Ainsi, les compléments alimentaires qui contiennent les trois vitamines A, C et E, utilisée
pour réparer la fragmentation de l’ADN spermatique peuvent avoir l’effet pervers de
décondenser l’ADN du spermatozoïde. Or si l’ovocyte est équipé pour réparer les
fragmentations de l’ADN spermatique, il ne l’est pas pour réparer la décondensation de l’ADN.
(Menezo et col, 2007 ; Menezo et col, 2014).
Toutes ces anomalies de structure tertiaire aussi minimes soient elles induisent immédiatement
des retards dans les premières divisions embryonnaires.
Au final, les compléments alimentaires, qui contiennent des vitamines réductrices, peuvent avoir
l’effet pervers de décondenser l’ADN du spermatozoïde (Menezo et col 2014).

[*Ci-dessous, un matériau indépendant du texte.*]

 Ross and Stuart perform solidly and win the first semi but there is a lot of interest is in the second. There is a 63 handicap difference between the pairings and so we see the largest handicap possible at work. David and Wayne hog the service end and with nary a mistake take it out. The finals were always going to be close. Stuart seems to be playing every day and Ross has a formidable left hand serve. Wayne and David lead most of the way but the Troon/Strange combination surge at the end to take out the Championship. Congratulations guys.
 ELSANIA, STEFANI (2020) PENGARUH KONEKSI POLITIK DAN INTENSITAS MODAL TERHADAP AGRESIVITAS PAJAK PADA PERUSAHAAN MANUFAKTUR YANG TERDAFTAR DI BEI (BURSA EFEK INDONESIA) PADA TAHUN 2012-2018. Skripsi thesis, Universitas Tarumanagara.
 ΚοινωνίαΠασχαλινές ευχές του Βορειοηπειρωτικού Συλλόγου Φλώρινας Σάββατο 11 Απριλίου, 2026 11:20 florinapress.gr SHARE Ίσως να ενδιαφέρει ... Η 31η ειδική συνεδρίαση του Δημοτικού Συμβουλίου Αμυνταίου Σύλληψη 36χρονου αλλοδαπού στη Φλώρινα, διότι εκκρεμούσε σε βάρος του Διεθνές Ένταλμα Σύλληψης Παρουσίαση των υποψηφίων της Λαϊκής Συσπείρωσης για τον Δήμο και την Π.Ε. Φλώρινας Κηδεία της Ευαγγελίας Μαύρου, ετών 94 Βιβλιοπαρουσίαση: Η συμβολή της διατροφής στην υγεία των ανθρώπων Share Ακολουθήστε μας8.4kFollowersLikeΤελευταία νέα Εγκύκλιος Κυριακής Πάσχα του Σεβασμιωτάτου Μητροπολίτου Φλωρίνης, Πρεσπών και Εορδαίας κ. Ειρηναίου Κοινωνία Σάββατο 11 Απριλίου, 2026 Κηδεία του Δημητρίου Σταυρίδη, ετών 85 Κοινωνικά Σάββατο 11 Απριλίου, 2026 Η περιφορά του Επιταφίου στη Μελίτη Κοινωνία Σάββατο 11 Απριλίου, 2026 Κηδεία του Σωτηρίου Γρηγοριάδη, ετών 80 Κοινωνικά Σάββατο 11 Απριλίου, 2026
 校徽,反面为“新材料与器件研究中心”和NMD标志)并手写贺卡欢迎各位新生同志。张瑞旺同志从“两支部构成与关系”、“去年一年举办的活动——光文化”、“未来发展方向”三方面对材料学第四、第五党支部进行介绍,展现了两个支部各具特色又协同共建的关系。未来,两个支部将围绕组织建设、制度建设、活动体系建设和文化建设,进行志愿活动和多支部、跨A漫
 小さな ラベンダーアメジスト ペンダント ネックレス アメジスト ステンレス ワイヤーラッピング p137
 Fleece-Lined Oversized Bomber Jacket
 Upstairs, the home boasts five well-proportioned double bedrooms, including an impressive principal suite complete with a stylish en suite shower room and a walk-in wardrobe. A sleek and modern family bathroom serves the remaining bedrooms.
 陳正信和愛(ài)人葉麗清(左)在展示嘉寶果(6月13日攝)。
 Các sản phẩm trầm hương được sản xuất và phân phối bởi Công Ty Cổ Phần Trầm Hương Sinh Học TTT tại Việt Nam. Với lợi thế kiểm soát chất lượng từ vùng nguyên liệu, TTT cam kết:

• La N acetyl cystéine (précurseur du glutathion) a un effet positif sur le sperme, via une
protection de la qualité mitochondriale (Gallo et al. 2018), il s’agit là de l’un des seuls
composés a efficacité scientifiquement prouvée.
• Le Co-enzyme Q10 sous forme Ubiquinone n’est peu ou pas absorbé efficacement. La
forme Ubiquinol semble meilleure sans toutefois avoir de démonstration scientifique
claire.
• La carnitine présentée comme une molécule antioxydante, ne l’est pas. Elle a un effet
bénéfique en favorisant le métabolisme des lipides et évite ainsi leur peroxydation.
• Les folates sont également présentés comme antioxydant à travers le cycle des folates et
de l’homocystéine et la production de glutathion (Menezo et col, 2022). Ils sont également
des effecteurs de la méthylation de l’ADN et assurent sa stabilité, et la régulation des
informations épigénétiques (empreinte génomique). Cependant, l’acide folique a forte
dose n’est pas une réponse appropriée car il provoque l’apparition de l’UMFA (acide
folique non métabolisé) qui exacerbe les défauts de méthylation du noyau du
spermatozoïde (Menezo Y, Clement P, Elder K, 2022) et diminue l’effet anti-oxydant. Ce
phénomène existe aussi en cas de mutation du gène MTHFR, même en cas de prise
de folates à doses faibles. Ce problème peut être réparé par l’utilisation du 5 MTHF (5
methylTetrahydrofolate) à la place de l’acide folique.
Les traitements antioxydants sont le plus souvent basés sur de fausses évidences. Les carences
sont en réalité assez rares (Brack et al ; Advances in Bioscience and Biotechnology, 2013, 4, 331-
339) et les traitements, dont la composition n’est pas, le plus souvent basés sur des études
scientifiques, sont généralement prescrits sans réel recul.
D’une façon globale, même si certains traitements semblent montrer une réelle efficacité, ils
restent controversés.
Conclusion
L’étude de la qualité de l’ADN spermatique doit faire partie du bilan d’exploration d’un
couple infertile au même titre que le spermogramme. En effet, nous avons vu qu’une
altération de l’ADN spermatique n’est pas corrélée avec les paramètres du spermogramme. Il est
donc inutile d’attendre les résultats de celui-ci pour demander une analyse de la qualité de l’ADN.
L’interprétation de ce résultat est délicate et les valeurs usuelles retenues seront
interprétées en fonction du but recherché (grossesse spontanée ou après AMP) mais aussi de
l’âge de la conjointe dont les ovocytes ont potentiellement des capacités de réparation d’un ADN
spermatique fragmenté.
La mise en place d’un traitement devra d’abord commencer par un interrogatoire soigné
du patient à la recherche d’une cause extrinsèque que l’on pourrait éliminer.
Certains traitements anti-oxydants pourront être mis en place en gardant à l’esprit qu’un produit
anti-oxydant peut devenir dans certains conditions pro-oxydant. Il faudra donc se méfier des
composés multi-vitaminiques qui peuvent faire plus de mal que de bien et pour cela connaître
leurs compositions.
Enfin ne pas oublier qu’un cycle de spermatogénèse dure 3 mois, et qu’il est inutile de
contrôler l’efficacité de l’arrêt d’un toxique ou de la mise en place d’un traitement moins
de trois mois après la fin de celui-ci.